Bizzy's room was on the first floor of the house. I knocked on the door. Bizzy opened it.

“Why, hello, Sweet Pea!” When Bizzy smiled, you could see every wrinkle on her face.

“Hi.”

“What brings you to my door on this fine evenin'?”

“Do you know Agatha Cantare?”

“What's all this now?” Bizzy leaned on Dixie and stared at me blankly.

“Agatha from the cemetery … are you friends with her?”

“Who's askin'?” Bizzy scanned the hallway. I couldn't tell if she was scowling or smiling. Her lips formed a straight line across her face.

“Miss Mora said that you've been visiting her lately.”

“Oh, I see,” Bizzy said. I could sense her body relax. “Can't say Agatha and I got much in common 'cept the aches and pains of old age, but every so often, I go over and play a little gin rummy. Some older folks ain't as fortunate as me, Lizzy-Loo. They got no family around.”

“She's not crazy, is she?” I asked.

“Agatha? Heavens no! She's just a mite lonely. And not much of a gin rummy player. A' course, I let her win now and again to keep her morals up.”

“You mean
morale
?” I said, laughing at Bizzy. Sometimes I wondered if she mixed up words on purpose.

“You say potato, I say spuds,” Bizzy said, winking at me with a crooked smile. She studied my face.

“Have you ever heard of Doomsday?”

Bizzy eyed me curiously. “Is somethin' troublin' ya, Sweet Pea?”

I considered telling Bizzy everything. But Jodi already thought I'd hallucinated and was borderline bananas. I certainly didn't need Bizzy worrying about me, too.
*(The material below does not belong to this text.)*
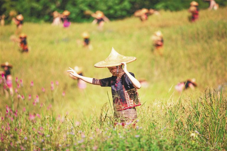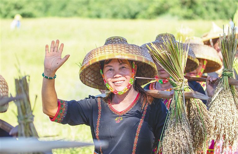 “砍山種植山蘭稻,一定要成功,煮好山蘭米,釀好山蘭酒,邀來親朋與好友,同慶好豐收……”當天,在位于霸王嶺下的青松鄉(xiāng)擁處村的山坡上,一串串飽滿的稻穗已壓彎了稻稈;此時,農(nóng)戶們?nèi)褰Y(jié)伴爬上山坡,弓下腰身麻利地揮動著手中的鉤刀開割稻稈,在辛勤勞作之時,還不忘哼起黎族歌謠分享著又是一年山蘭好收成的喜悅。山坡上辛勤勞作的喜悅,與正在山腳下舉辦的“啦奧門”山蘭文化節(jié)的喜慶氛圍達成了同一節(jié)拍。

“I think I'm just a little tired,” I answered.

“Well, now, that brings to mind one a' my best pearls of wisdom,” Bizzy said. “The early bird may catch all the worms, but why eat worms when you can sleep in!”
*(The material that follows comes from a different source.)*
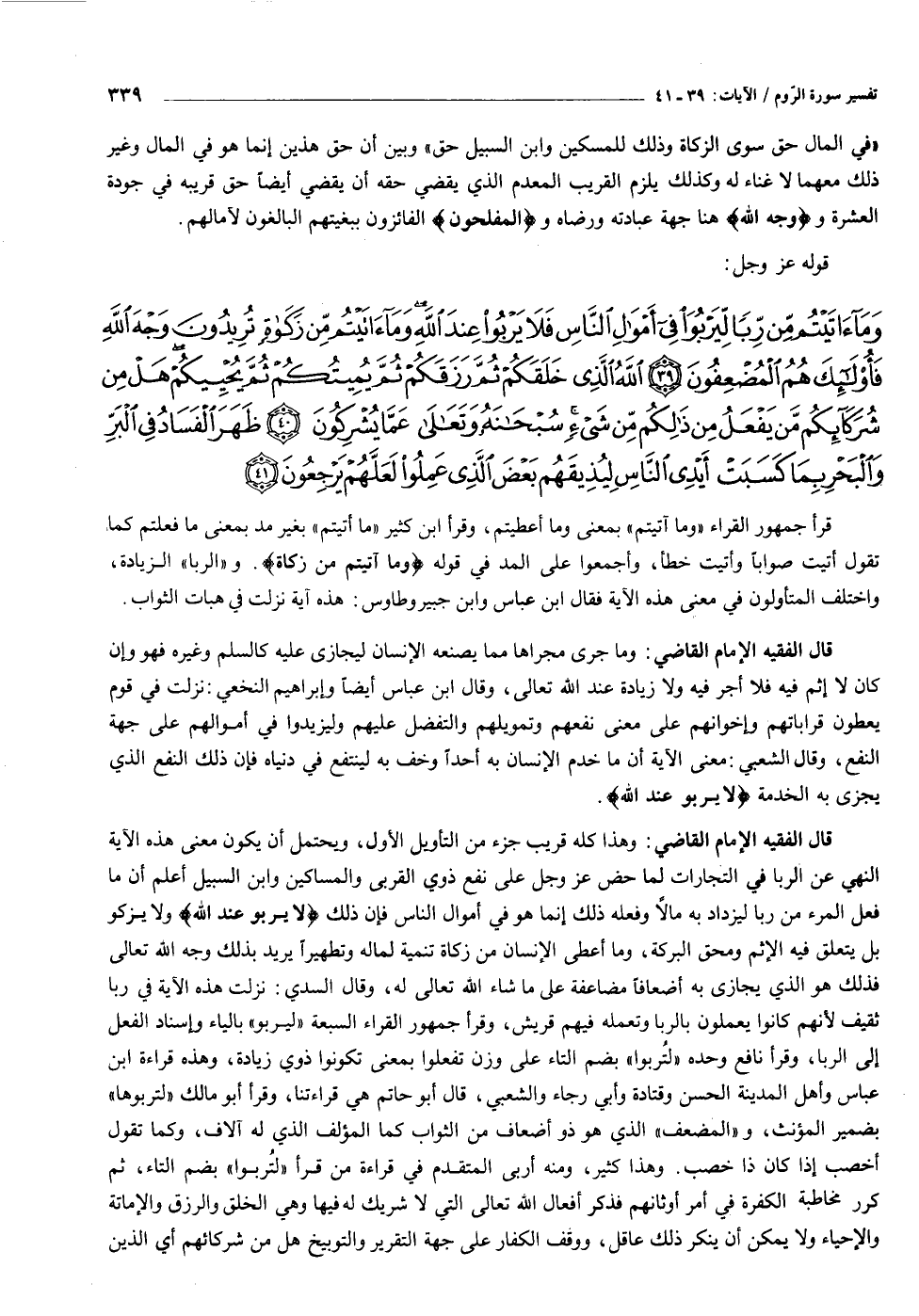 وَما آتَيْتُمْ مِنْ رِباً لِيَرْبُوَا فِي أَمْوالِ النَّاسِ فَلا يَرْبُوا عِنْدَ اللَّهِ وَما آتَيْتُمْ مِنْ زَكاةٍ تُرِيدُونَ وَجْهَ اللَّهِ فَأُولئِكَ هُمُ الْمُضْعِفُونَ (٣٩) اللَّهُ الَّذِي خَلَقَكُمْ ثُمَّ رَزَقَكُمْ ثُمَّ يُمِيتُكُمْ ثُمَّ يُحْيِيكُمْ هَلْ مِنْ شُرَكائِكُمْ مَنْ يَفْعَلُ مِنْ ذلِكُمْ مِنْ شَيْءٍ سُبْحانَهُ وَتَعالى عَمَّا يُشْرِكُونَ (٤٠) ظَهَرَ الْفَسادُ فِي الْبَرِّ وَالْبَحْرِ بِما كَسَبَتْ أَيْدِي النَّاسِ لِيُذِيقَهُمْ بَعْضَ الَّذِي عَمِلُوا لَعَلَّهُمْ يَرْجِعُونَ (٤١)

In case you were wondering, Mrs. Tweedy, Bizzy has a habit of interrupting a person, sometimes midsentence, to interject what she calls “Bizzy's Pearls of Wisdom.” For instance, if you were in the middle of telling a long-winded story (not that
you
would tell a long-winded story, but this is just an example), Bizzy would probably shout out, “Best way to make a long story short is to shut your darn mouth,” clutching the string of pearls around her neck. She always follows these outbursts with, “That there is one of Bizzy's pearls, free a' charge.”
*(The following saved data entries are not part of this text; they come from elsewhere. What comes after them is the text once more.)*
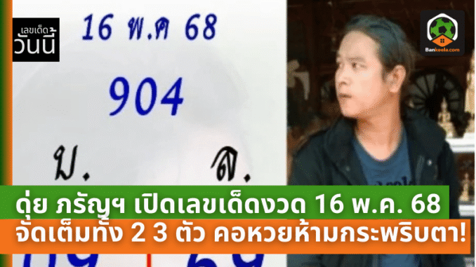 เลขเด็ดดุ่ย ภรัญฯ งวดนี้ 16/5/68 ประกอบด้วย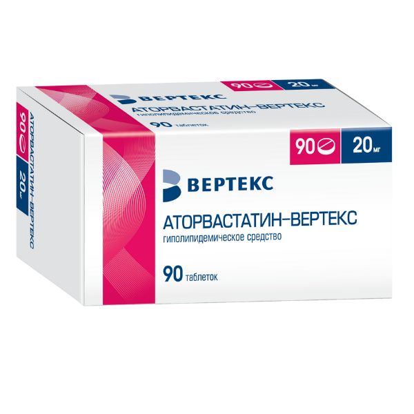 Аторвастатин-Вертекс таблетки покрытые плёночной оболочкой 20мг №90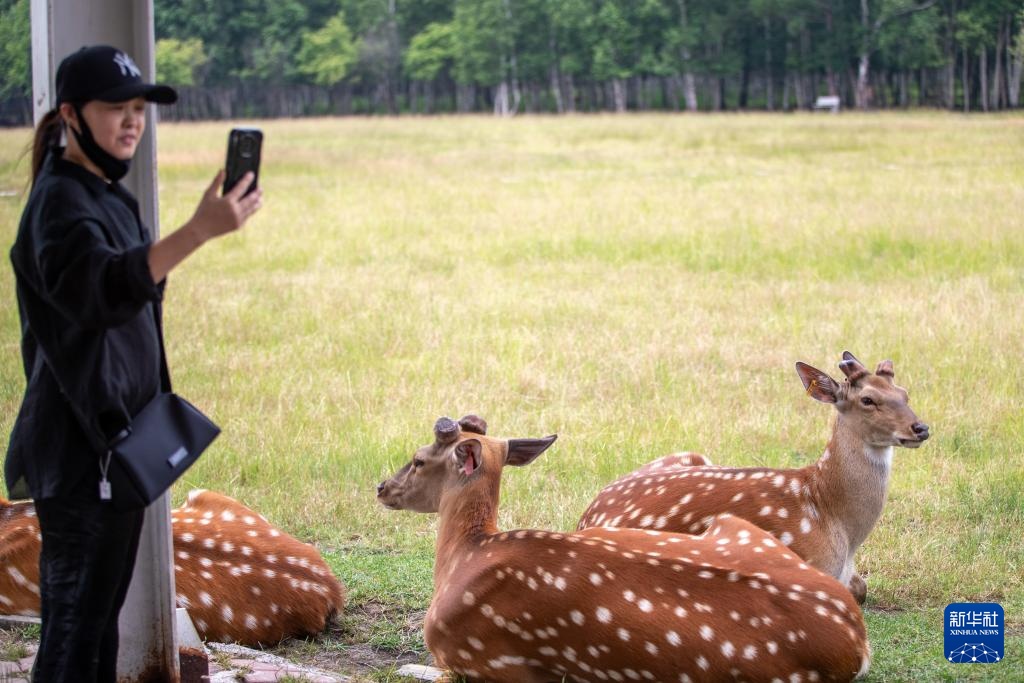 7月11日,在伊春市上甘岭溪水国家森林公园鹿溪牧场内,一名游客给鹿喂食。

Anyhow, after saying good night to Bizzy, I made my way up the stairs to my bedroom, somewhat guilt-ridden. In the span of a few hours, I'd actually been deluded enough to believe Bizzy was some sort of witch—all because my grandma had shown kindness by playing cards with a lonely cemetery keeper.

It turned out, however, I wasn't nuts at all.

Two days later, for the first time, Bizzy would admit she'd been lying to me. But it wasn't only me, of course. Bizzy had been lying to us all.